### Dataset content
Start of Block
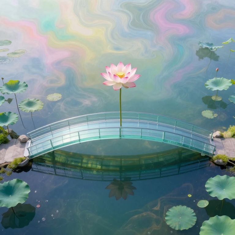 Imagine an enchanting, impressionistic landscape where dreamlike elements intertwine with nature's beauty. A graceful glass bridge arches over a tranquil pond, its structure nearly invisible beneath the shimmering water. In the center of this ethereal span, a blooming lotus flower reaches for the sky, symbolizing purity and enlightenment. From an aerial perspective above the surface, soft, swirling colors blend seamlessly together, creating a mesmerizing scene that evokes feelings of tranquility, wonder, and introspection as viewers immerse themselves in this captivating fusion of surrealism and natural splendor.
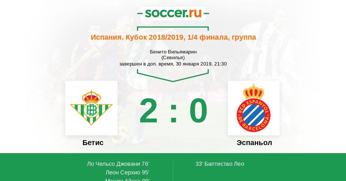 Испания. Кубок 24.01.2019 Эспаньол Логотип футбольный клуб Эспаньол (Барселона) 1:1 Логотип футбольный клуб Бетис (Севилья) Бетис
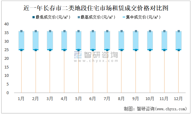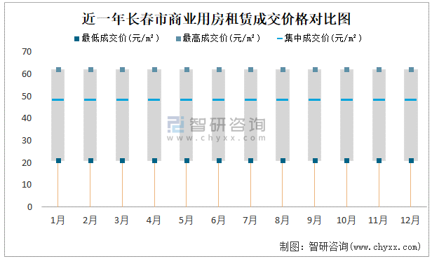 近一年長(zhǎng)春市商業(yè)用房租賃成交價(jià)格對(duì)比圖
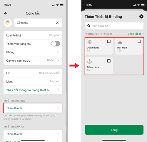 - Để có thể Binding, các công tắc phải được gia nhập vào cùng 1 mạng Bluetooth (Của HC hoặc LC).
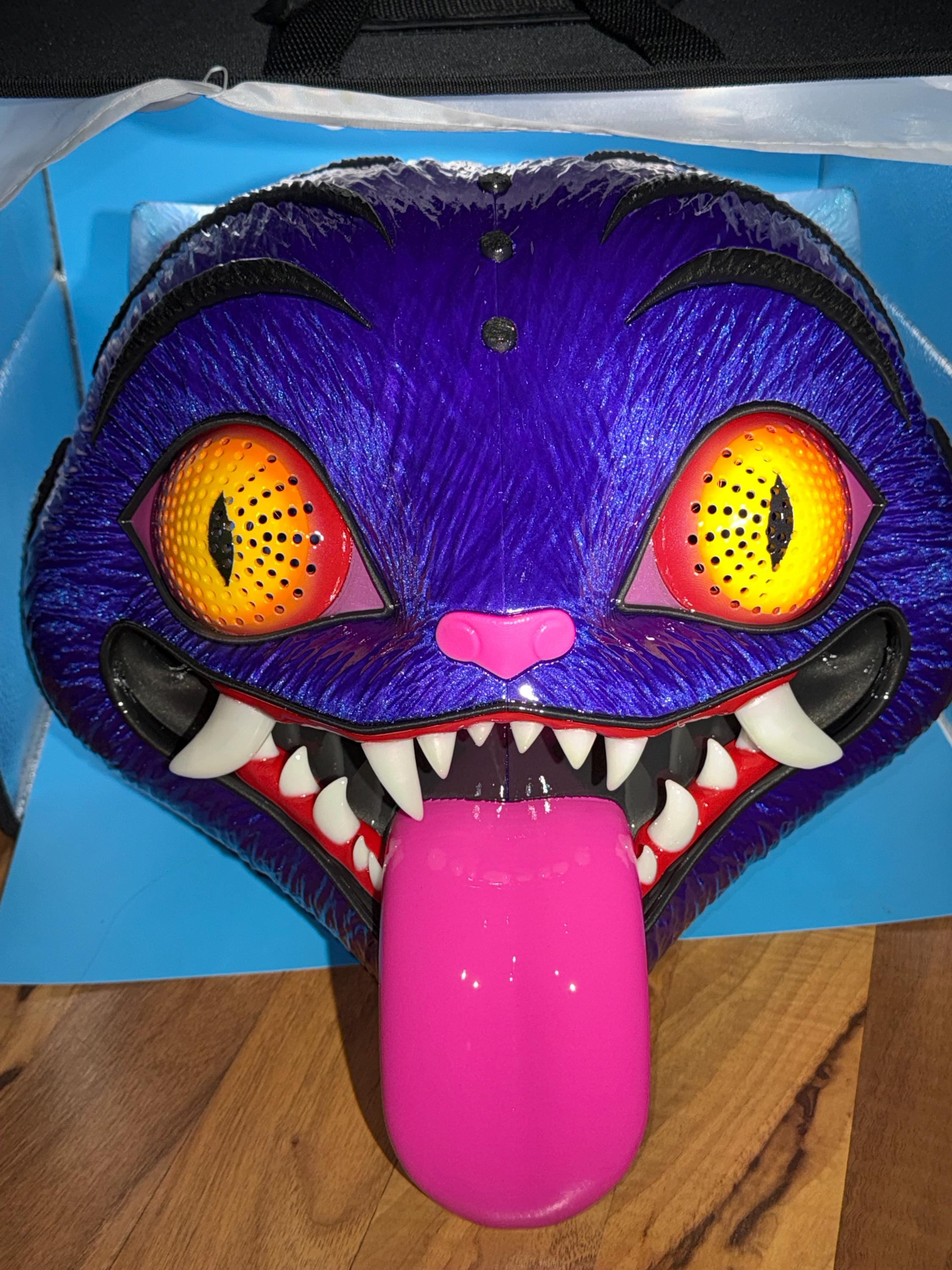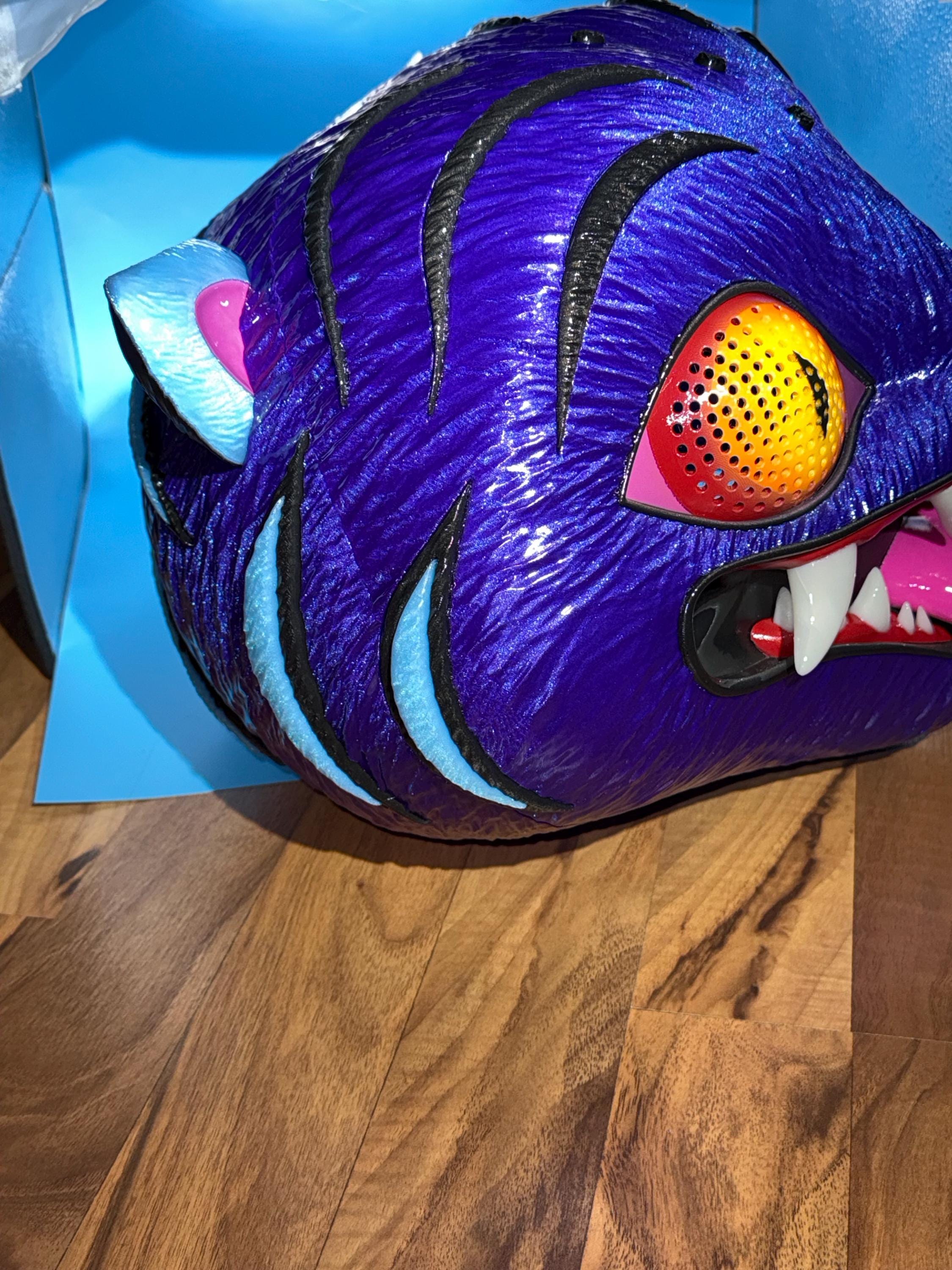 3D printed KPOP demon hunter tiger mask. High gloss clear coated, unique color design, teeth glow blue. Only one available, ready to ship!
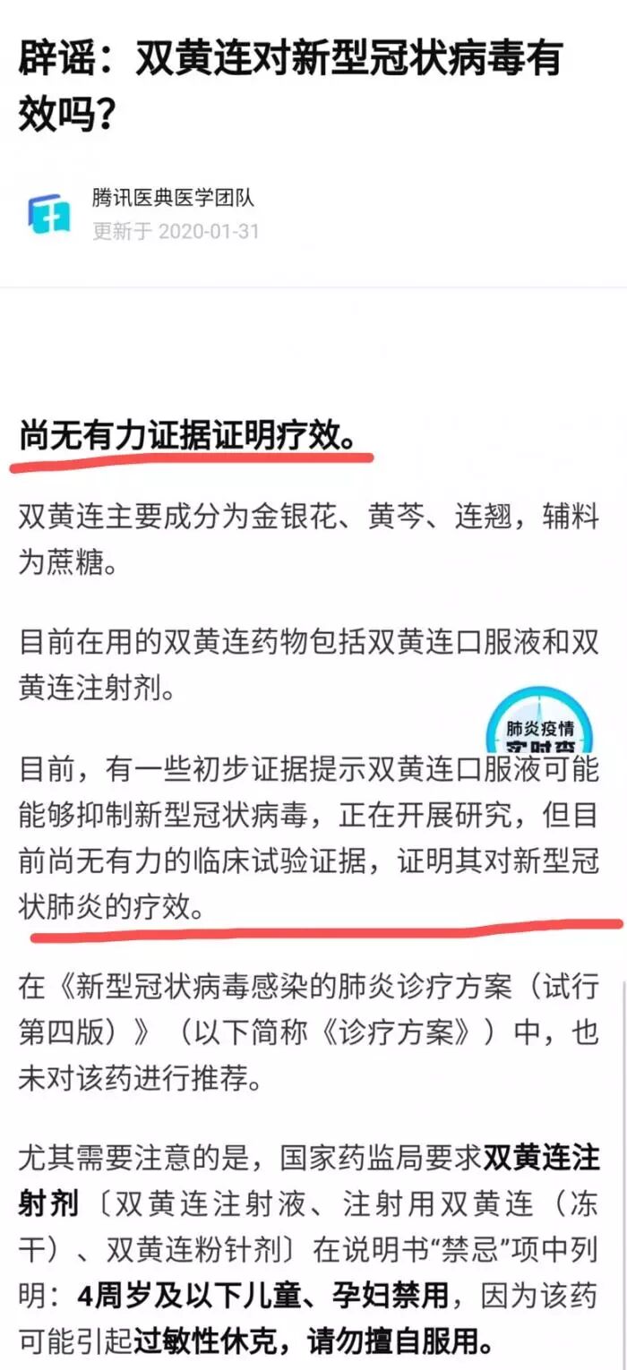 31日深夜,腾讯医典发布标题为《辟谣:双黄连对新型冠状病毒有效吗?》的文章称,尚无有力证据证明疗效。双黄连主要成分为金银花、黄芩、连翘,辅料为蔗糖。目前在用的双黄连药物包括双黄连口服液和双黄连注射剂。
End of Block
Start of Block
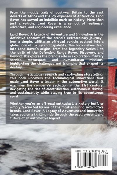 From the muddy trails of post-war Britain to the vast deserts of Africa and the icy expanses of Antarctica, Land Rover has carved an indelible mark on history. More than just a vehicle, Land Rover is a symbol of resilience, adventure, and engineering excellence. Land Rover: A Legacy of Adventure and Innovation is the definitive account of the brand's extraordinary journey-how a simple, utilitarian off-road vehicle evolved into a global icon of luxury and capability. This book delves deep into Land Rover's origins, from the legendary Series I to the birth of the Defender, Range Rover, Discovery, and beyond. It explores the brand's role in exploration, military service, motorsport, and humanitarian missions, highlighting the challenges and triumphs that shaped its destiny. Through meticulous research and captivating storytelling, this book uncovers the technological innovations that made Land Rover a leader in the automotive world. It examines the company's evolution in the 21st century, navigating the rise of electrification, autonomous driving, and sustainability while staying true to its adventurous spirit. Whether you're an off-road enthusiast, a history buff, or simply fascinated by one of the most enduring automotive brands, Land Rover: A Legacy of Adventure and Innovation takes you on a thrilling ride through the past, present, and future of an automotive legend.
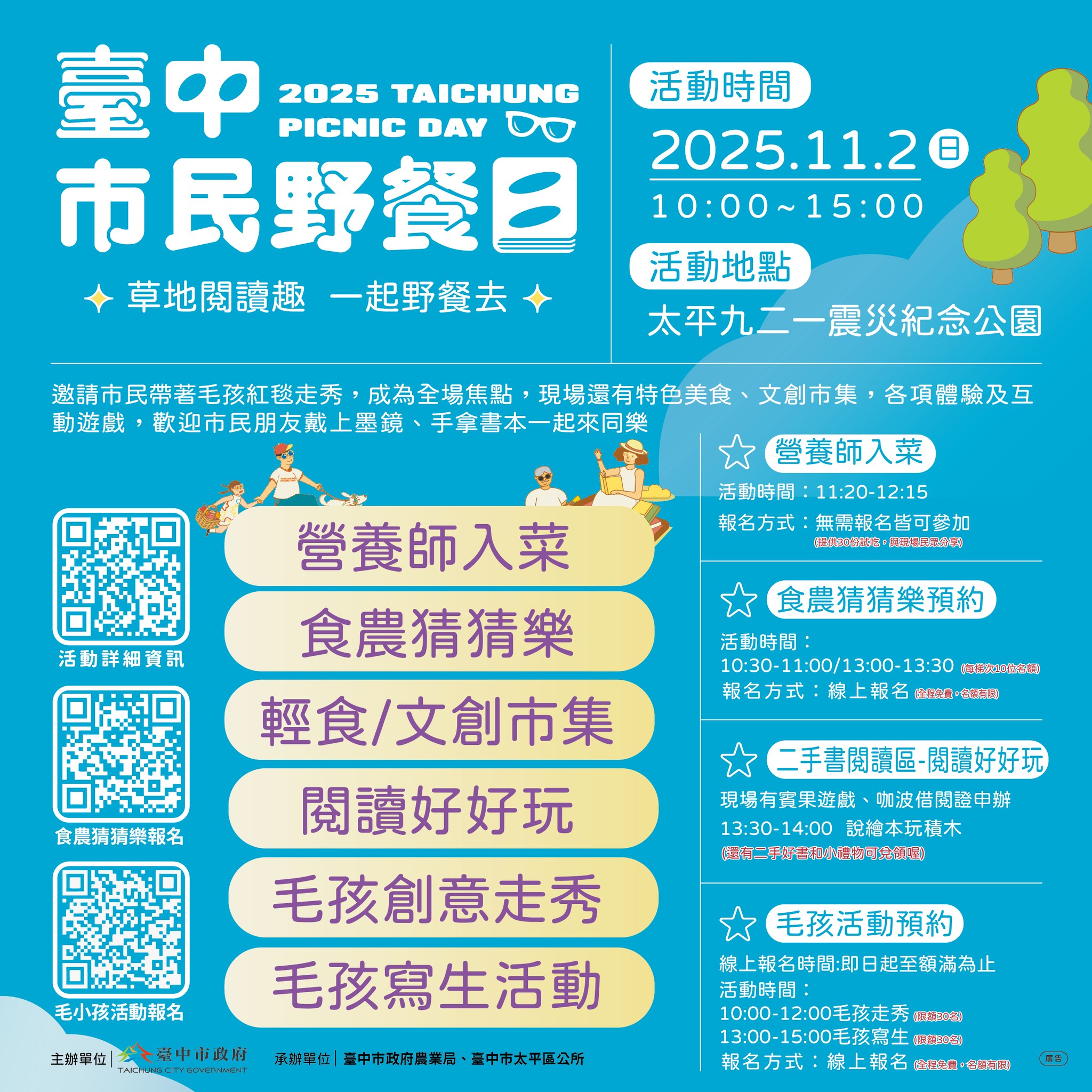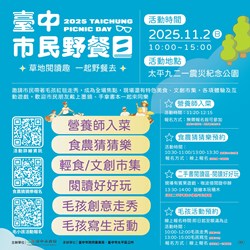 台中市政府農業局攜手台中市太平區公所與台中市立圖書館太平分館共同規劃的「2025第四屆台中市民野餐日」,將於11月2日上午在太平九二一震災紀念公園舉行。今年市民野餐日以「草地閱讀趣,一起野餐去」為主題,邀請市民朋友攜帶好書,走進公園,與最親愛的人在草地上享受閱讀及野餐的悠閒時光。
End of Block
### Task description
Output exactly, and only, the lines of the entries above from the one with "近一年長(zhǎng)春市商" up to and including the one with "31日深夜,腾讯医典发布标题"; pictures are to be left out.

### Solution for this problem
 近一年長(zhǎng)春市商業(yè)用房租賃成交價(jià)格對(duì)比圖
 - Để có thể Binding, các công tắc phải được gia nhập vào cùng 1 mạng Bluetooth (Của HC hoặc LC).
 3D printed KPOP demon hunter tiger mask. High gloss clear coated, unique color design, teeth glow blue. Only one available, ready to ship!
 31日深夜,腾讯医典发布标题为《辟谣:双黄连对新型冠状病毒有效吗?》的文章称,尚无有力证据证明疗效。双黄连主要成分为金银花、黄芩、连翘,辅料为蔗糖。目前在用的双黄连药物包括双黄连口服液和双黄连注射剂。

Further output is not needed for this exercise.